WORK TO BE COMPLETED
In the entries below, find the line with "Edytor tapety: Las iglasty nad rzeką" and the line with "Fantastic location! By". Reproduce those two lines and every line between them exactly, and nothing more.

THE DATA
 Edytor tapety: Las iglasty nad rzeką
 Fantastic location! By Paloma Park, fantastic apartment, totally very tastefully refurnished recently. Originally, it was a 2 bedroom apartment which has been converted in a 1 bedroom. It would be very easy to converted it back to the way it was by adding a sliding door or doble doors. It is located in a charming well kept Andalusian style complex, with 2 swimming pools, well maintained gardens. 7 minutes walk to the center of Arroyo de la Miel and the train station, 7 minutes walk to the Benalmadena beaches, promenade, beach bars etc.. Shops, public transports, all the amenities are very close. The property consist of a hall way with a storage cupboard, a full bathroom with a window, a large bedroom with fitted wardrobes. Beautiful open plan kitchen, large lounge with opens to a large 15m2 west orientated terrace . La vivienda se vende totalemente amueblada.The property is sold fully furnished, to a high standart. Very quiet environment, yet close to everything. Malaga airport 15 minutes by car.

--

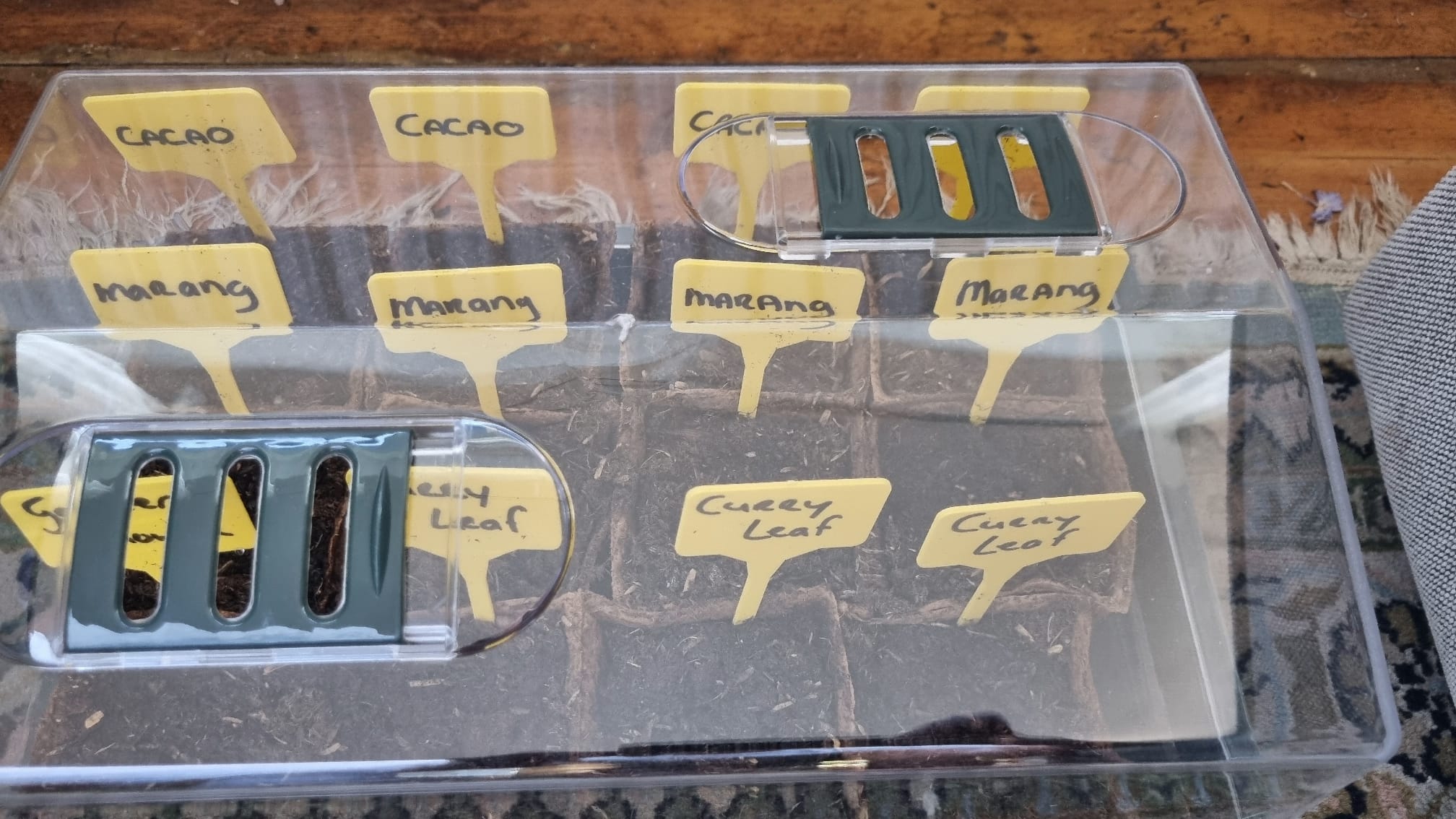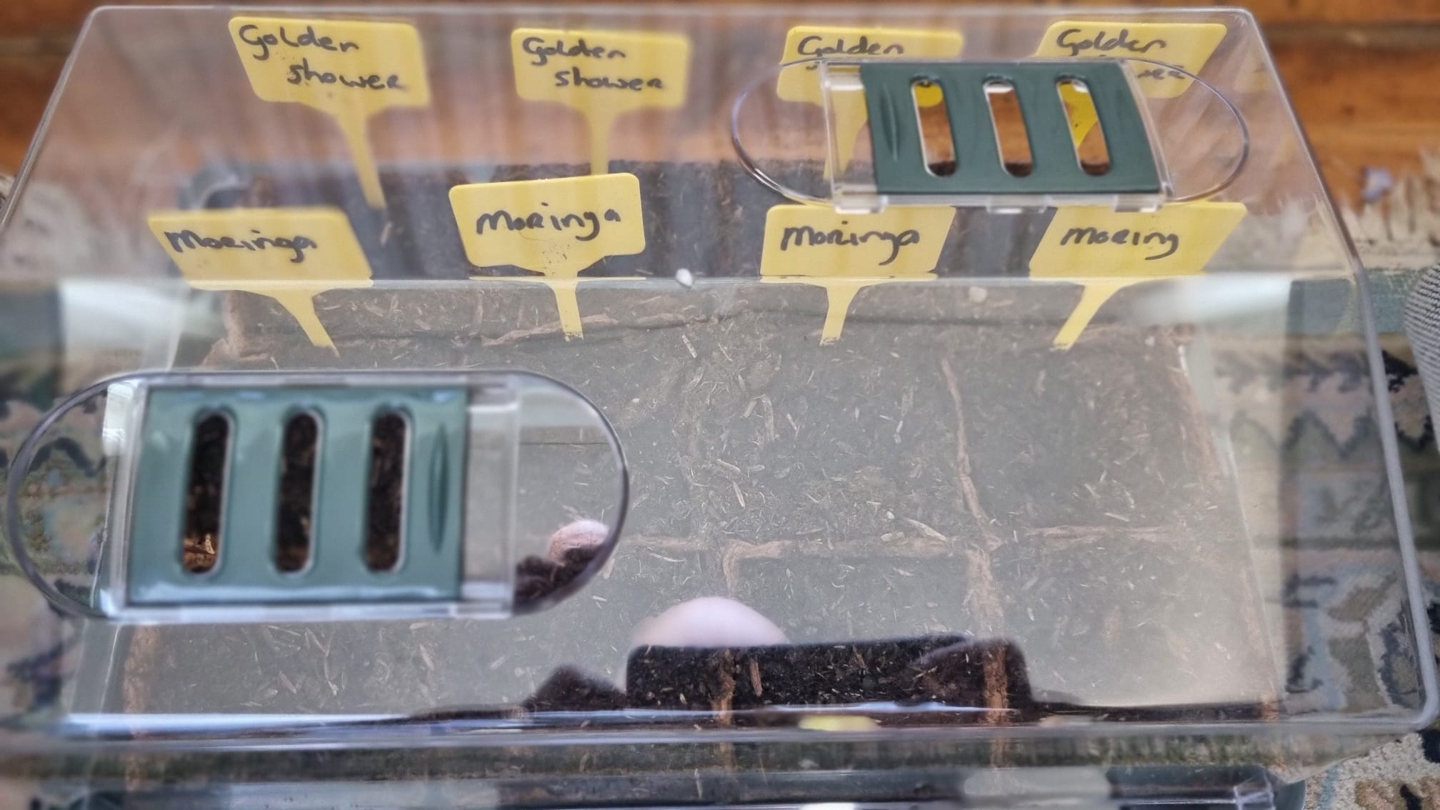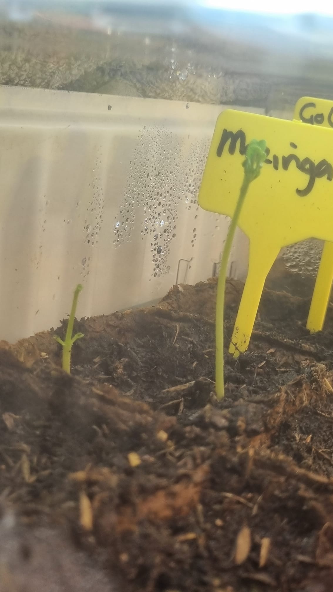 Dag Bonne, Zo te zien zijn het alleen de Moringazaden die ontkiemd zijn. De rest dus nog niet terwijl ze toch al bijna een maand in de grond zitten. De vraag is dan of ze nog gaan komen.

EXERCISE RESPONSE
 Edytor tapety: Las iglasty nad rzeką
 Fantastic location! By Paloma Park, fantastic apartment, totally very tastefully refurnished recently. Originally, it was a 2 bedroom apartment which has been converted in a 1 bedroom. It would be very easy to converted it back to the way it was by adding a sliding door or doble doors. It is located in a charming well kept Andalusian style complex, with 2 swimming pools, well maintained gardens. 7 minutes walk to the center of Arroyo de la Miel and the train station, 7 minutes walk to the Benalmadena beaches, promenade, beach bars etc.. Shops, public transports, all the amenities are very close. The property consist of a hall way with a storage cupboard, a full bathroom with a window, a large bedroom with fitted wardrobes. Beautiful open plan kitchen, large lounge with opens to a large 15m2 west orientated terrace . La vivienda se vende totalemente amueblada.The property is sold fully furnished, to a high standart. Very quiet environment, yet close to everything. Malaga airport 15 minutes by car.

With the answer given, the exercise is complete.